Rice died at the age 73 on July 13, 1954, following a stroke. Rice's autobiography The Tumult and the Shouting, the title a reference to Kipling, was published in 1954. He is interred at Woodlawn Cemetery in the Bronx, New York City.

=== Legacy ===
By one estimate, Rice wrote more than 22,000 columns and more than 67,000,000 words.

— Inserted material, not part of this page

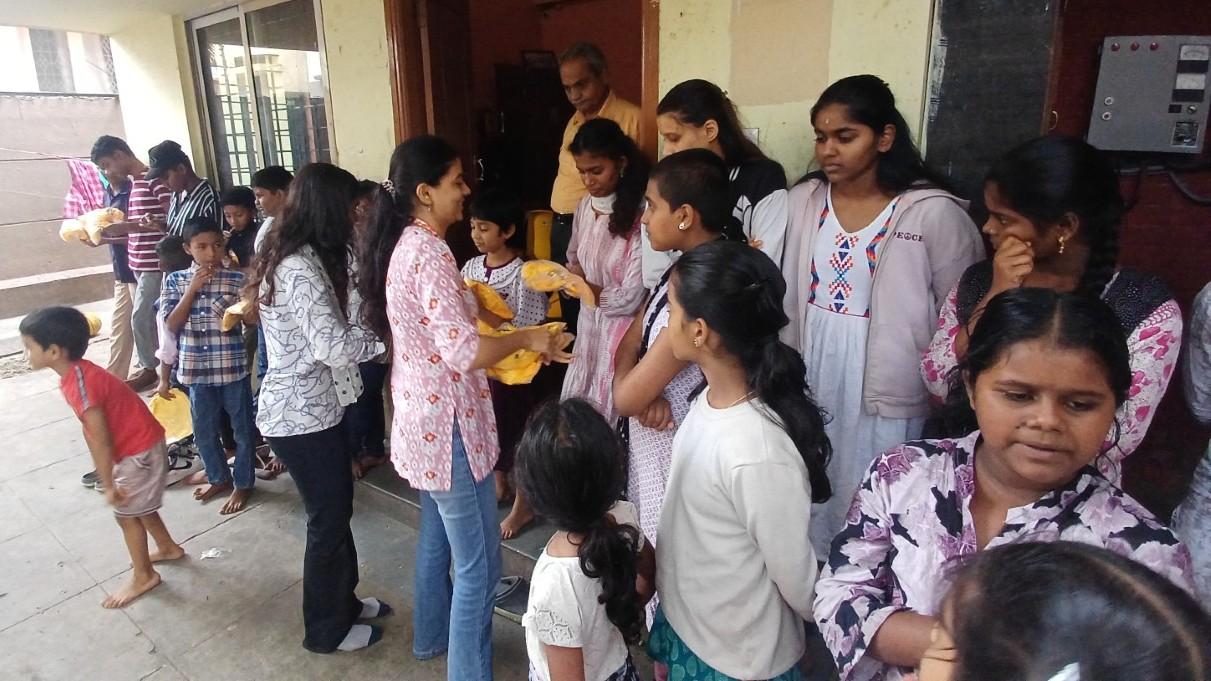 As part of the outreach initiative across Bengaluru volunteers distributed T-shirts to children, elderly, underprivileged, housekeeping staff, security guards, and construction workers. The volunteers visited Arya Sevashrama Trust, Sri Chaithanya Old Age Home, Prasanna Jyothi Orphanage, Anatha Shishu Sevashrama, Pragathi Charitable Trust, Belaku Shishunivasa, Amruta Shishunivasa, Sri Kalajyothi Charitable Trust and Helping Heroes India Foundation and interacted with the inmates spreading warmth and kindness on July 5-6, 2025.

In 1951, in recognition of Rice's 50 years in journalism, an anonymous donor contributed $50,000 to establish the Grantland Rice Fellowship in Journalism with The New York Community Trust. In 1954, the Football Writers Association of America (FWAA) established the Grantland Rice Trophy, an annual award presented (from 1954 to 2013) to the college football team recognized by the FWAA as the national champions. The Grantland Rice Bowl, an annual college football bowl game held from 1964 to 1977, was named in his honor, as was the Grantland Rice Award given to the winner. Rice was posthumously awarded the 1966 J. G. Taylor Spink Award by the Baseball Writers' Association of America. The award, presented the following year at the annual induction ceremony at the Baseball Hall of Fame, is given for "meritorious contributions to baseball writing".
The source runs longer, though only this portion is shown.